Immunotherapies have long been used to treat allergies, to reduce the rejection of transplanted organs, and to dampen autoimmunity. Now, scientists at the Mayo Clinic report they have developed an immunotherapy strategy that potentially lays the groundwork for treating a spectrum of autoimmune diseases. Their technique combines chimeric antigen receptors (CAR) with mesenchymal stromal cells (MSC), resulting in engineered stem cells known as CAR-MSCs.

Their findings and new technique are detailed in Nature Biomedical Engineering in an article titled, “Mesenchymal stromal cells with chimaeric antigen receptors for enhanced immunosuppression.”

“Allogeneic mesenchymal stromal cells (MSCs) are a safe treatment option for many disorders of the immune system,” the researchers wrote. “However, clinical trials using MSCs have shown inconsistent therapeutic efficacy, mostly owing to MSCs providing insufficient immunosuppression in target tissues. Here we show that antigen-specific immunosuppression can be enhanced by genetically modifying MSCs with chimaeric antigen receptors (CARs), as we show for E-cadherin-targeted CAR-MSCs for the treatment of graft-versus-host disease in mice.”

“The pioneering approach shows potential in targeting inflammatory disease sites more precisely and improving immunosuppression and healing outcomes,” said Saad Kenderian, a principal investigator and hematologist at Mayo Clinic. “We’re planning to study interventions that minimize the need for long-term medications for autoimmune diseases.”

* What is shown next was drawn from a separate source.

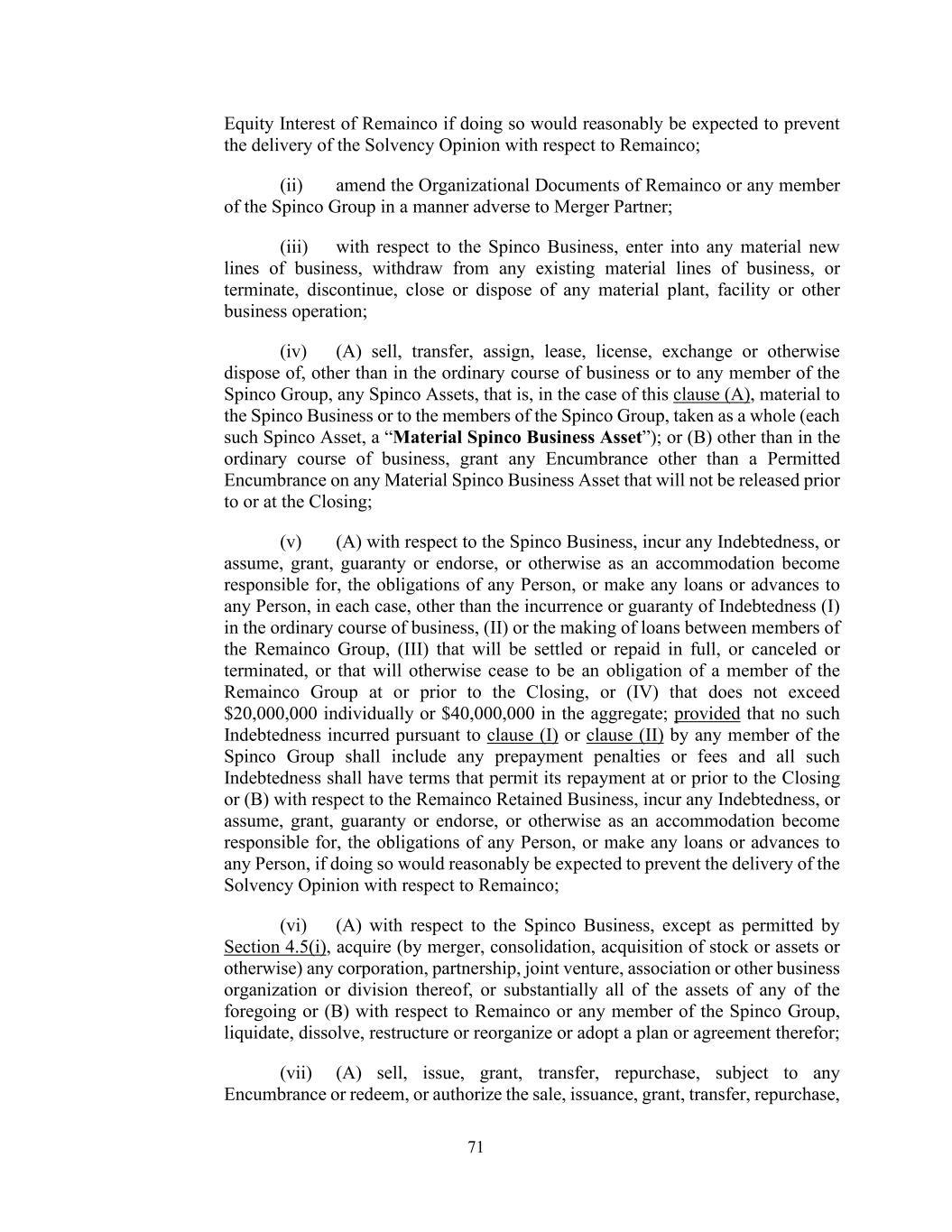 71 Equity Interest of Remainco if doing so would reasonably be expected to prevent the delivery of the Solvency Opinion with respect to Remainco; (ii) amend the Organizational Documents of Remainco or any member of the Spinco Group in a manner adverse to Merger Partner; (iii) with respect to the Spinco Business, enter into any material new lines of business, withdraw from any existing material lines of business, or terminate, discontinue, close or dispose of any material plant, facility or other business operation; (iv) (A) sell, transfer, assign, lease, license, exchange or otherwise dispose of, other than in the ordinary course of business or to any member of the Spinco Group, any Spinco Assets, that is, in the case of this clause (A), material to the Spinco Business or to the members of the Spinco Group, taken as a whole (each such Spinco Asset, a “Material Spinco Business Asset”); or (B) other than in the ordinary course of business, grant any Encumbrance other than a Permitted Encumbrance on any Material Spinco Business Asset that will not be released prior to or at the Closing; (v) (A) with respect to the Spinco Business, incur any Indebtedness, or assume, grant, guaranty or endorse, or otherwise as an accommodation become responsible for, the obligations of any Person, or make any loans or advances to any Person, in each case, other than the incurrence or guaranty of Indebtedness (I) in the ordinary course of business, (II) or the making of loans between members of the Remainco Group, (III) that will be settled or repaid in full, or canceled or terminated, or that will otherwise cease to be an obligation of a member of the Remainco Group at or prior to the Closing, or (IV) that does not exceed $20,000,000 individually or $40,000,000 in the aggregate; provided that no such Indebtedness incurred pursuant to clause (I) or clause (II) by any member of the Spinco Group shall include any prepayment penalties or fees and all such Indebtedness shall have terms that permit its repayment at or prior to the Closing or (B) with respect to the Remainco Retained Business, incur any Indebtedness, or assume, grant, guaranty or endorse, or otherwise as an accommodation become responsible for, the obligations of any Person, or make any loans or advances to any Person, if doing so would reasonably be expected to prevent the delivery of the Solvency Opinion with respect to Remainco; (vi) (A) with respect to the Spinco Business, except as permitted by Section 4.5(i), acquire (by merger, consolidation, acquisition of stock or assets or otherwise) any corporation, partnership, joint venture, association or other business organization or division thereof, or substantially all of the assets of any of the foregoing or (B) with respect to Remainco or any member of the Spinco Group, liquidate, dissolve, restructure or reorganize or adopt a plan or agreement therefor; (vii) (A) sell, issue, grant, transfer, repurchase, subject to any Encumbrance or redeem, or authorize the sale, issuance, grant, transfer, repurchase,

The combination approach centers on mesenchymal stromal cells, which have the unique ability to transform into several specific types of cells such as bone cells, cartilage cells, and fat cells.

For the study, Kenderian and his team developed CAR-MSCs to specifically target a protein linked to a condition called graft-versus-host disease, as well as inflammatory bowel diseases, such as ulcerative colitis and Crohn’s disease.

In mouse models, upon stimulation by the specific protein they were designed to target, CAR-MSCs showed improved ability to go to the inflamed area, have better control of inflammation, and improve outcomes and survival. This was mediated by a change in the genetic signature of CAR-MSCs, the proteins they released, and receptor expression.

Kenderian emphasizes that these preliminary findings set the stage for future applications of this technology, paving the way to enhance the therapy’s versatility to address various diseases across the autoimmune spectrum.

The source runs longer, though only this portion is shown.